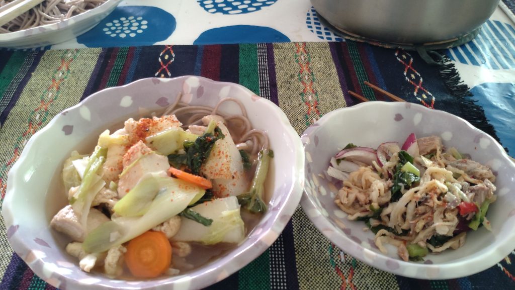 お蕎麦は一束ですが、温かい蕎麦で具沢山だとスープが残りました。残ったスープは夕食にまわします。
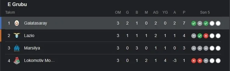 Galatasaray Grupta Kacinci Sirada Uefa Avrupa Ligi E Grubu Galatasaray Puan Durumu Tablosu Detaylari Son Dakika Spor Haberleri
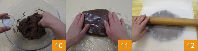 Add the baking powder 10 and work the ingredients with your hands, which should be very cold, trying to perform the operation quickly so as not to heat the mixture too much. Continue kneading until you get a homogeneous and lump-free dough: then cover it with transparent plastic wrap 11 and let it rest in the refrigerator for about 30 minutes. After this time, remove the mixture from the fridge, remove the plastic wrap, and place it between two sheets of parchment paper. This precaution prevents the use of additional flour to roll out the dough. Flatten the dough with a rolling pin to a thickness of about 0.4 inches 12.
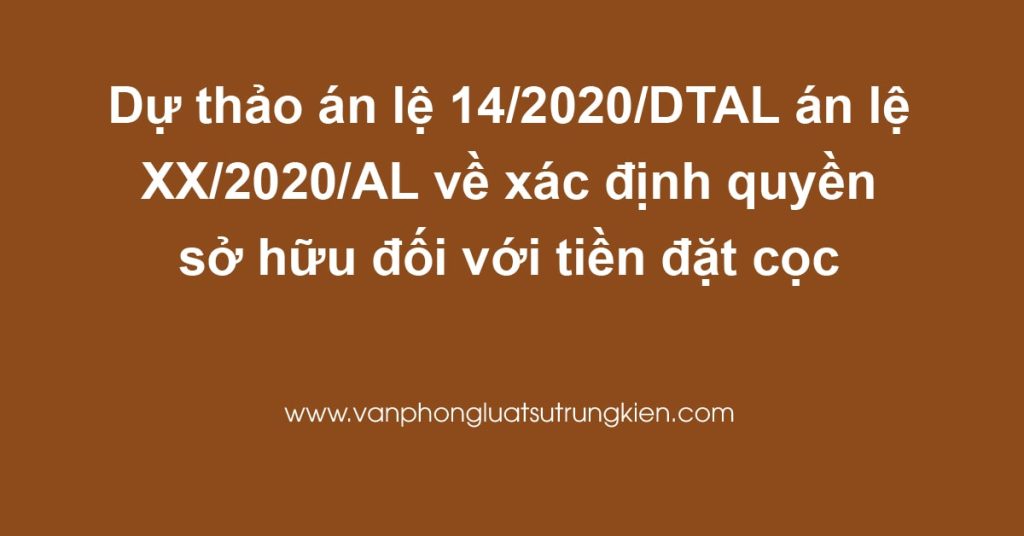 Tòa án nhân dân tối cao Dự thảo án lệ 14/2020/DTAL án lệ XX/2020/AL về xác định quyền sở hữu đối với tiền đặt cọc NỘI DUNG VỤ ÁN TÒA ÁN NHÂN DÂN TỐI CAO DỰ THẢO ÁN LỆ 14/2020/DTAL ÁN LỆ XX/2020/AL VỀ XÁC ĐỊNH QUYỀN SỞ HỮU ĐỐI VỚI TIỀN ĐẶT CỌC Được Hội đồng […]
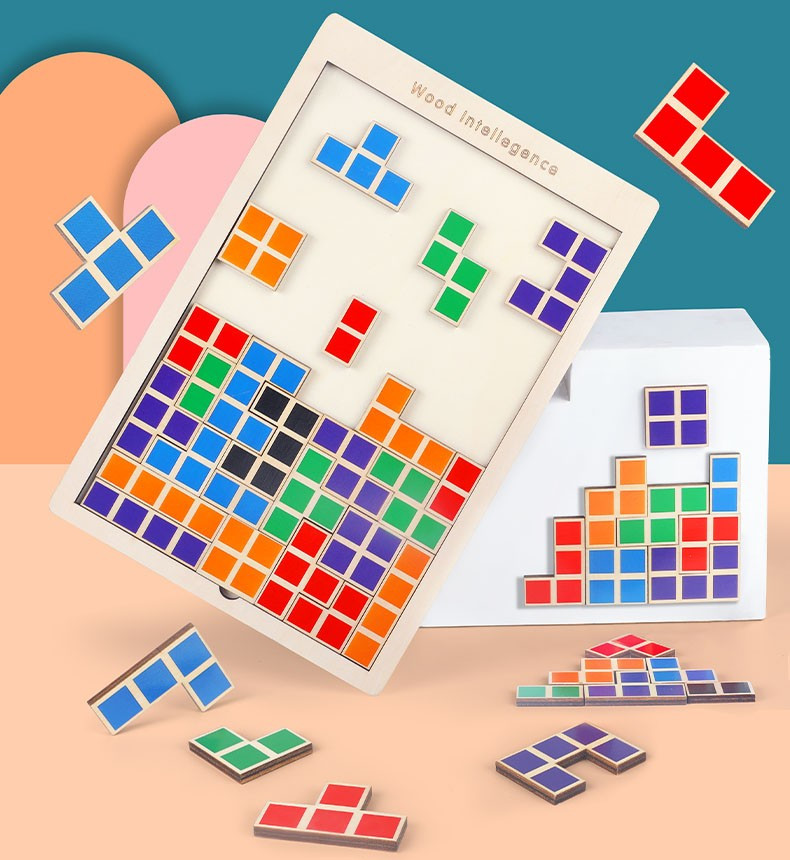 A színes, fából készült Tetris rejtvények egy igényes logikai játék, amely órákig leköti gyermekedet.
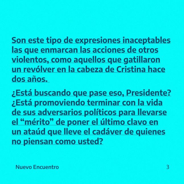 Otra organización política que repudió las palabras de Javier Milei contra la expresidenta Cristina Kirchner fue Nuevo Encuentro, conducida por Martín Sabatella. Allí destacaron: “La violencia y el odio que emana permanentemente en su discurso no son aceptables en una sociedad democrática., ni pueden ser toleradas a quien detenta el cargo de mayor responsabilidad institucional del país”.Repudiamos estas declaraciones del presidente @JMilei y su gobierno libertario. Basta de destilar odio. Basta de violencia económica, de descargar su ira y sus frustraciones sobre el pueblo trabajador, la clase media, los jubilados y los docentes y estudiantes universitarios.… pic.twitter.com/cqk16ZOHC6
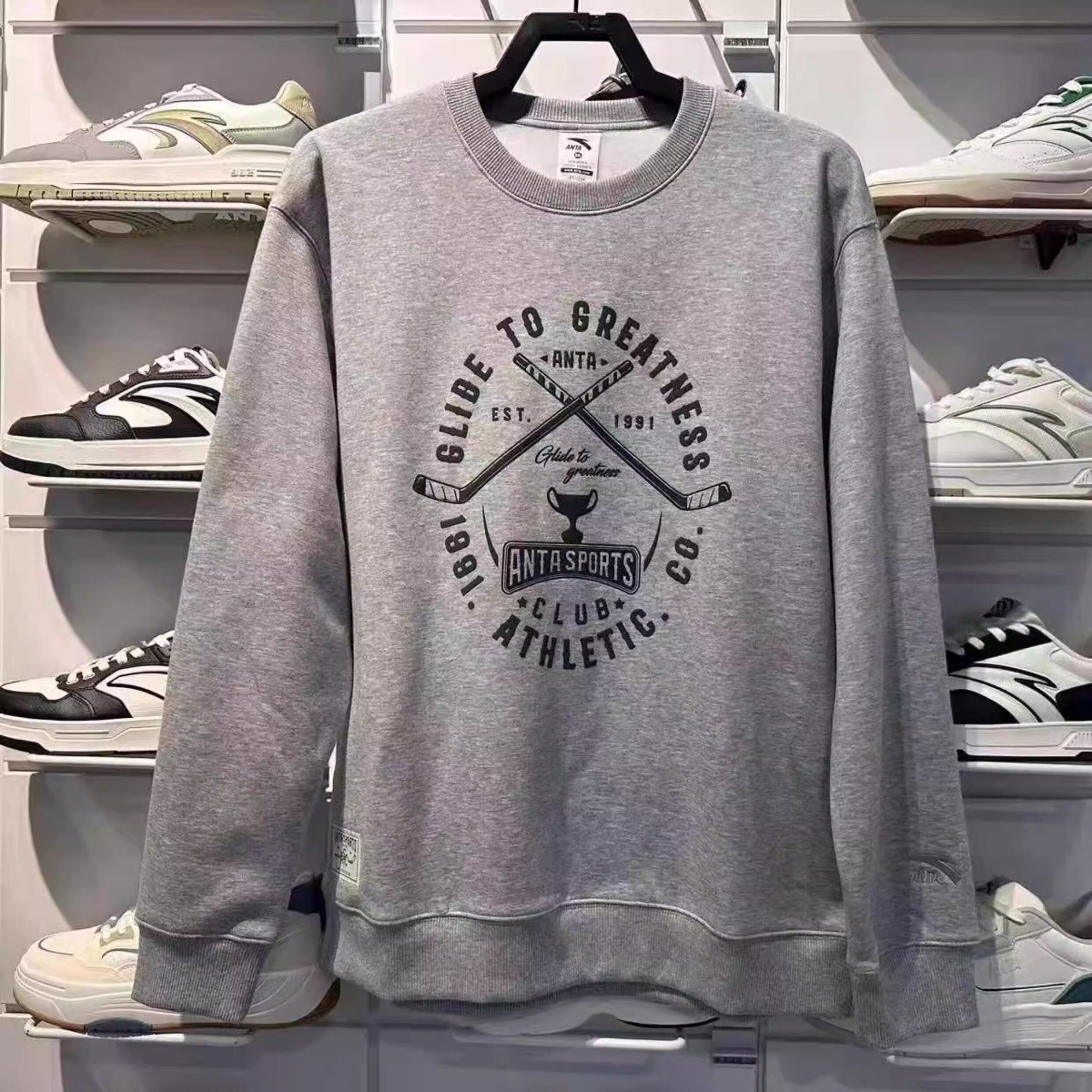 Anta Genuine Men's Clothing 2025 Winter New Trendy Fashion Fleece-Lined Pullover Round Neck Sports Sweatshirt 152548720N

EXERCISE PROMPT.
Only an exact copy is needed: the lines from the opening of the listing through the line with "Hội đồng […]", both included, minus the pictures.

EXERCISE RESULT.
 お蕎麦は一束ですが、温かい蕎麦で具沢山だとスープが残りました。残ったスープは夕食にまわします。
 Galatasaray Grupta Kacinci Sirada Uefa Avrupa Ligi E Grubu Galatasaray Puan Durumu Tablosu Detaylari Son Dakika Spor Haberleri
 Add the baking powder 10 and work the ingredients with your hands, which should be very cold, trying to perform the operation quickly so as not to heat the mixture too much. Continue kneading until you get a homogeneous and lump-free dough: then cover it with transparent plastic wrap 11 and let it rest in the refrigerator for about 30 minutes. After this time, remove the mixture from the fridge, remove the plastic wrap, and place it between two sheets of parchment paper. This precaution prevents the use of additional flour to roll out the dough. Flatten the dough with a rolling pin to a thickness of about 0.4 inches 12.
 Tòa án nhân dân tối cao Dự thảo án lệ 14/2020/DTAL án lệ XX/2020/AL về xác định quyền sở hữu đối với tiền đặt cọc NỘI DUNG VỤ ÁN TÒA ÁN NHÂN DÂN TỐI CAO DỰ THẢO ÁN LỆ 14/2020/DTAL ÁN LỆ XX/2020/AL VỀ XÁC ĐỊNH QUYỀN SỞ HỮU ĐỐI VỚI TIỀN ĐẶT CỌC Được Hội đồng […]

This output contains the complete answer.